Antwort von
nach 19 Stunden
hilfreich
Re: Folsäure in der Schwangerschaft
Folsäure gehört zur Gruppe der B-Vitamine und ist zusammen mit dem Vitamin B12 an der Bildung und Reifung von roten Blutkörperchen beteiligt.
Außerdem ist bekannt, daß Folsäure für die gesunde Entwicklung von Rückenmark und Gehirn des ungeborenen Kindes eine wichtige Rolle spielt.

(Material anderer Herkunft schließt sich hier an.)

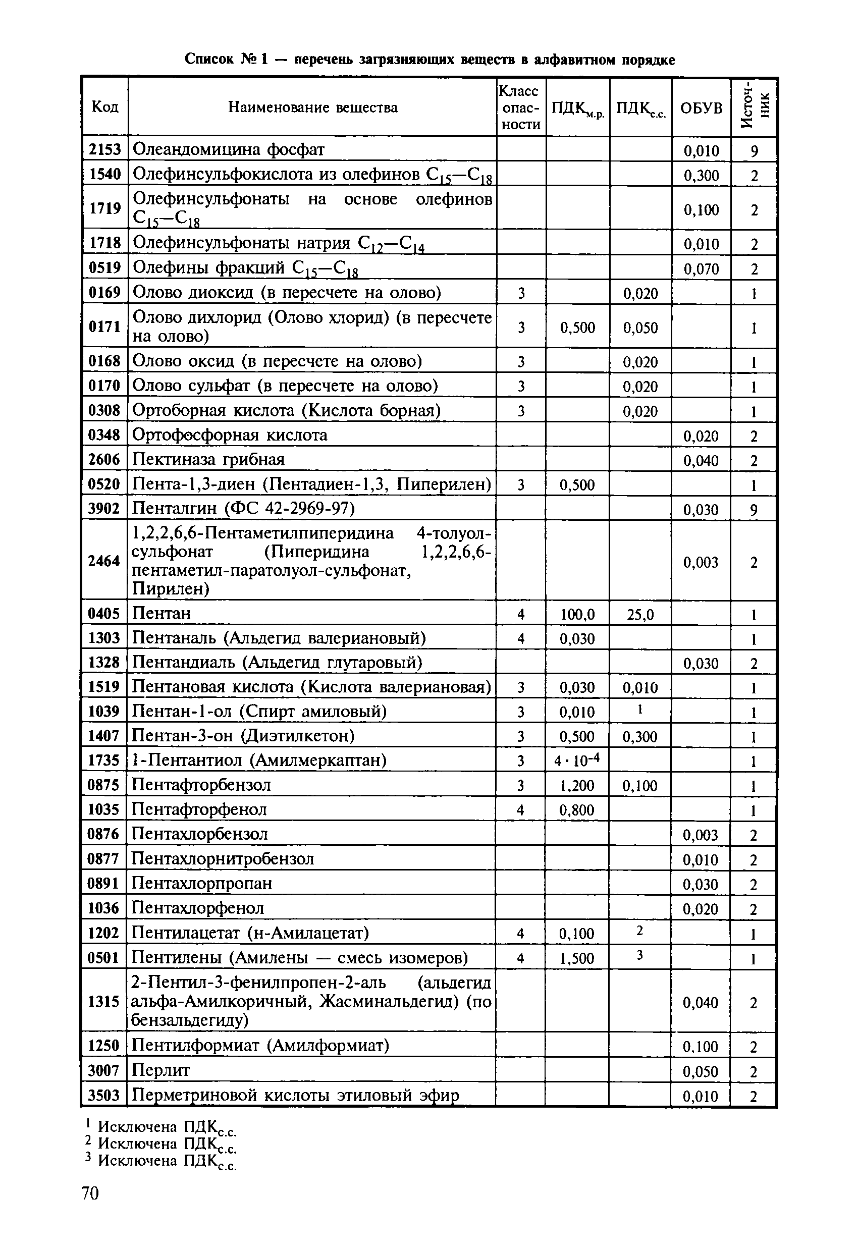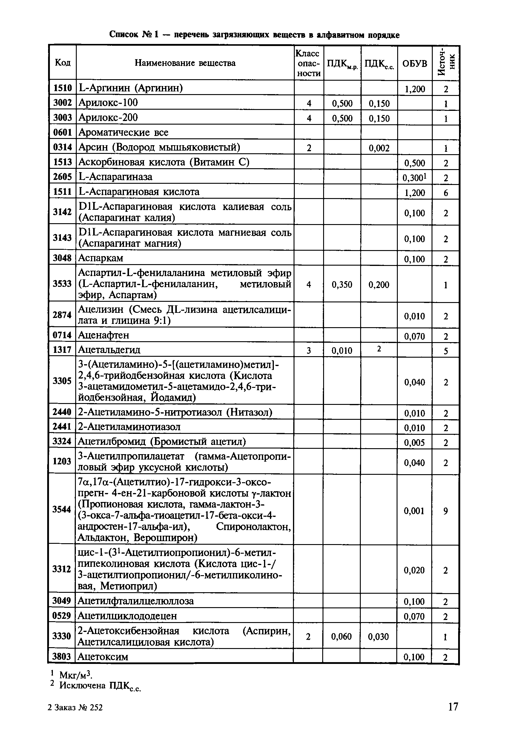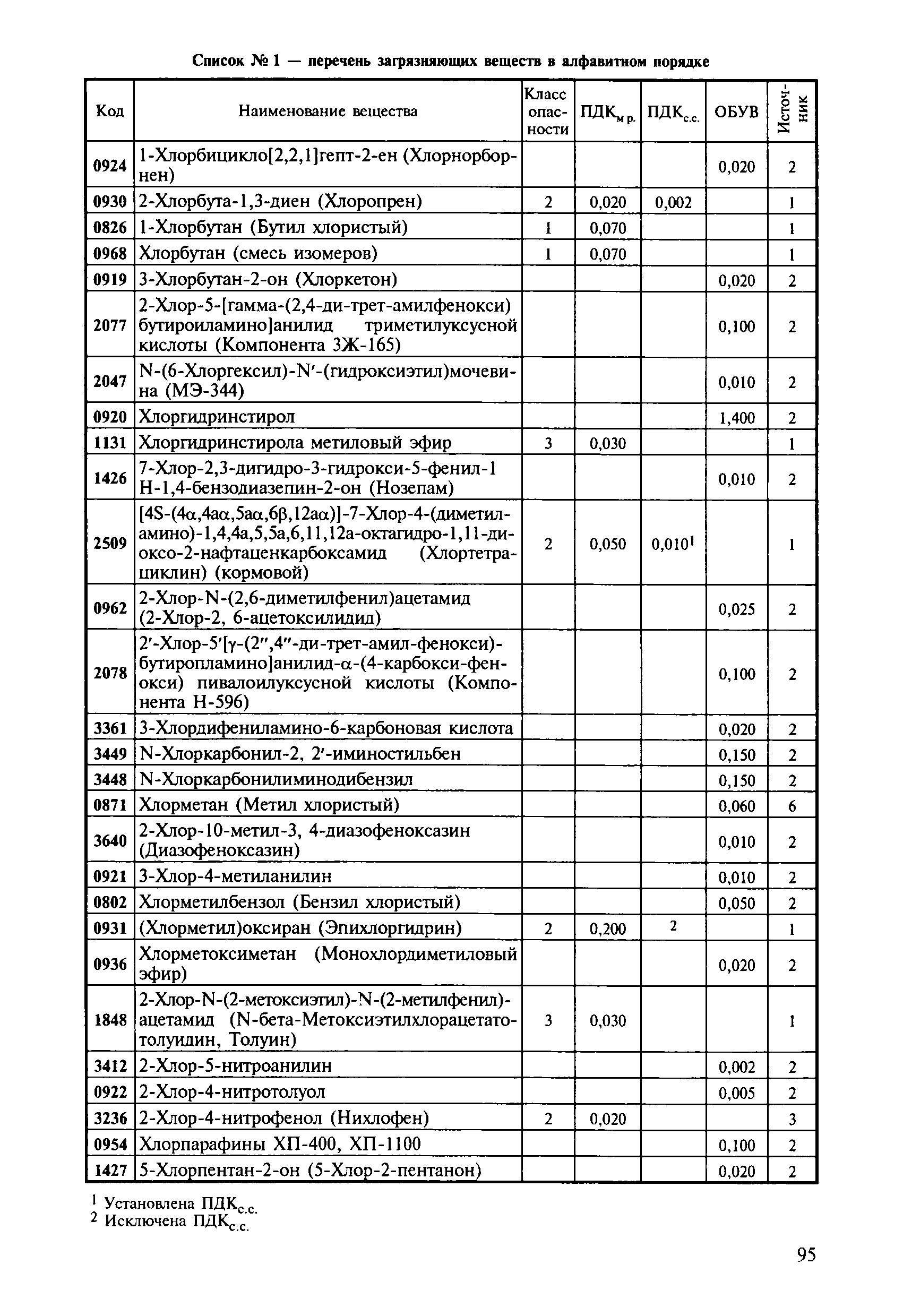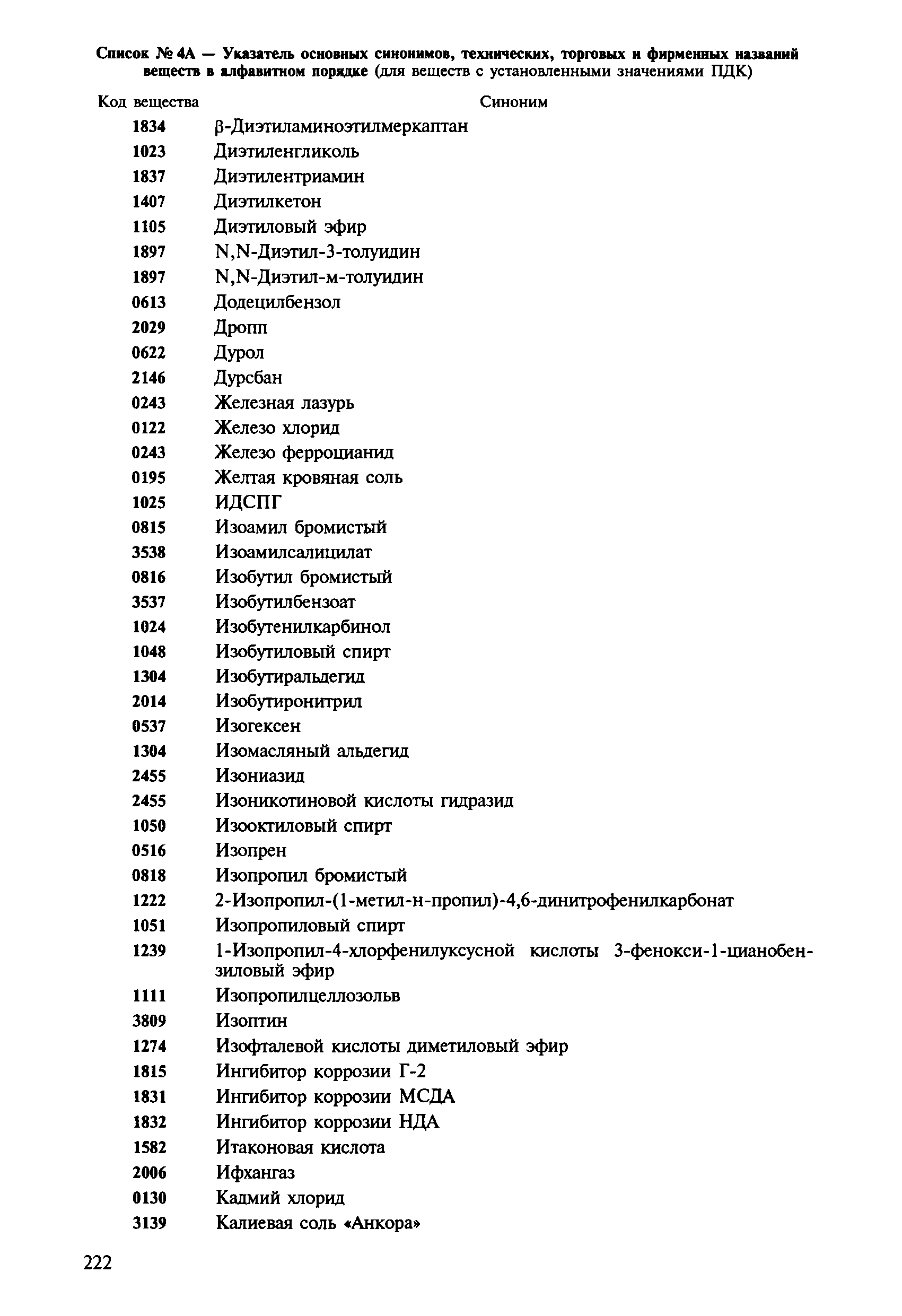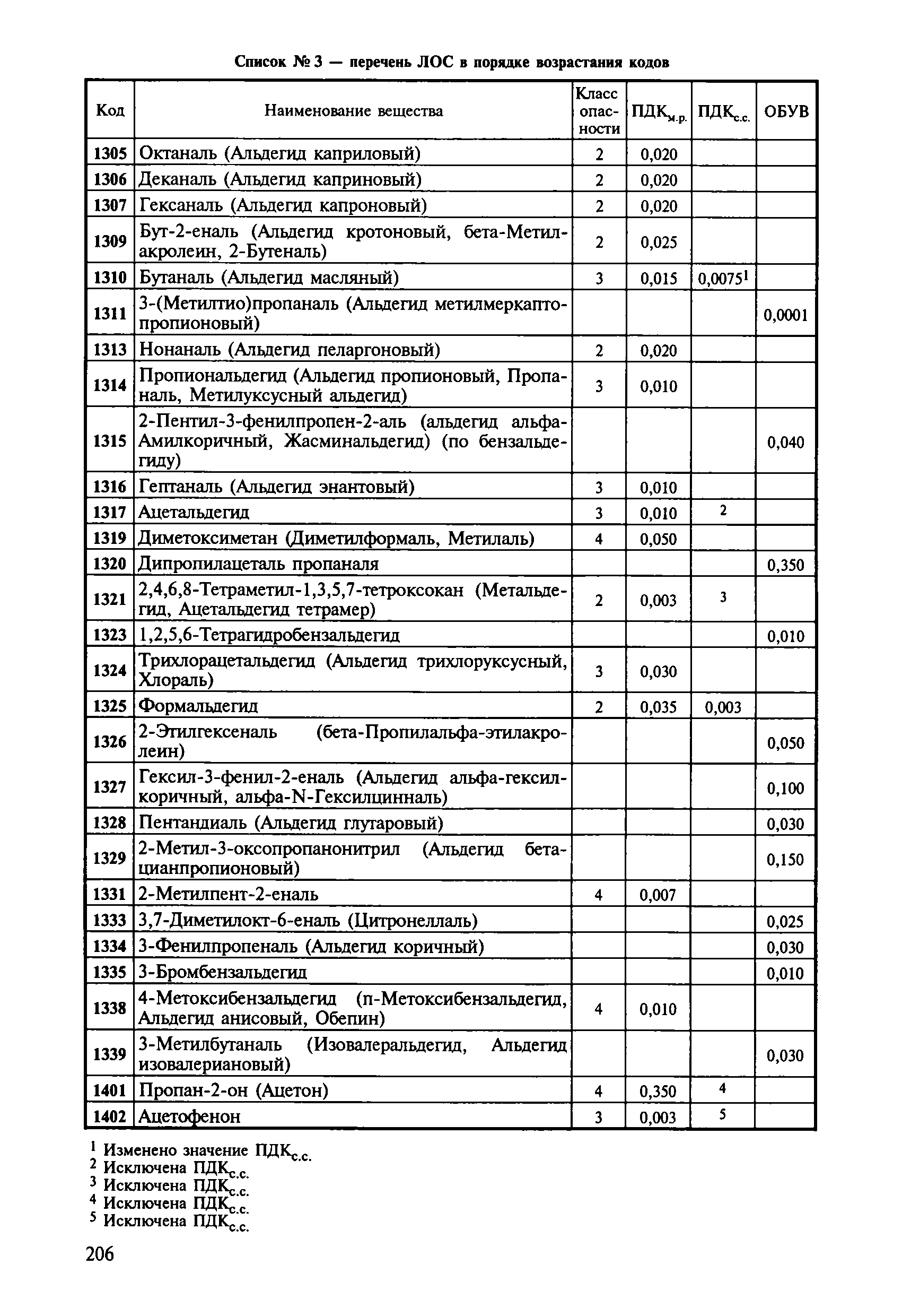 | Оглавление: | Список № 1 Перечень загрязняющих веществ в алфавитном порядке Список № 2 Перечень загрязняющих веществ в порядке возрастания кодов Список № 3 Перечень ЛОС в порядке возрастания кодов Список № 4 Указатель основных синонимов, технических, торговых и фирменных названий веществ в алфавитном порядке А. Для веществ с установленными значениями ПДК Б. Для веществ с установленными значениями ОБУВ Список № 5 Указатель основных синонимов, технических, торговых и фирменных названий веществ в порядке возрастания кодов А. Для веществ с установленными значениями ПДК Б. Для веществ с установленными значениями ОБУВ |

Sie kann die Entstehung von sogenannten Neuralrohrdefekten verhindern. Als Neuralrohr wird eine Vorstufe des Zentralnervensystems bezeichnet. Dieses Gebilde verschließt sich etwa in der vierten Schwangerschaftswoche - zu einem Zeitpunkt, an dem die meisten Frauen noch nicht wissen, daß sie ein Baby erwarten. Wächst das Rohr nicht oder nur unvollständig zusammen, drohen Mißbildungen des Nervensystems. Das Baby leidet zum Beispiel an einer sogenannten Melingomyelozele, einer Art Ausbeulung des Rückenmarks, oder an einer Spina bifida (offener Rücken). Mögliche Folgen sind lebenslange Störungen wichtiger Funktionen von Blase, Darm, Muskulatur und Haut.
Zur Zeit wird für Schwangere eine zusätzliche Folsäuregabe von 400 µg (0.4 mg) pro Tag empfohlen.
Allerdings differieren die Meinungen, wie lange die Präparate eingenommen werden sollen. Im Hinblick auf die spina bifida Problematik machen nur die ersten 4-6 Wochen Sinn. Da Folsäure andererseits ein klassisches "Mangelvitamin" ist, gibt es genügend Fachleute, die eine Gabe an zusätzlicher Folsäure über die ganze Schwangerschaft befürworten.
Folsäurepräparate werden, wie alle anderen Vitaminpräparate, von den Krankenkassen m.W. allerdings nicht übernommen.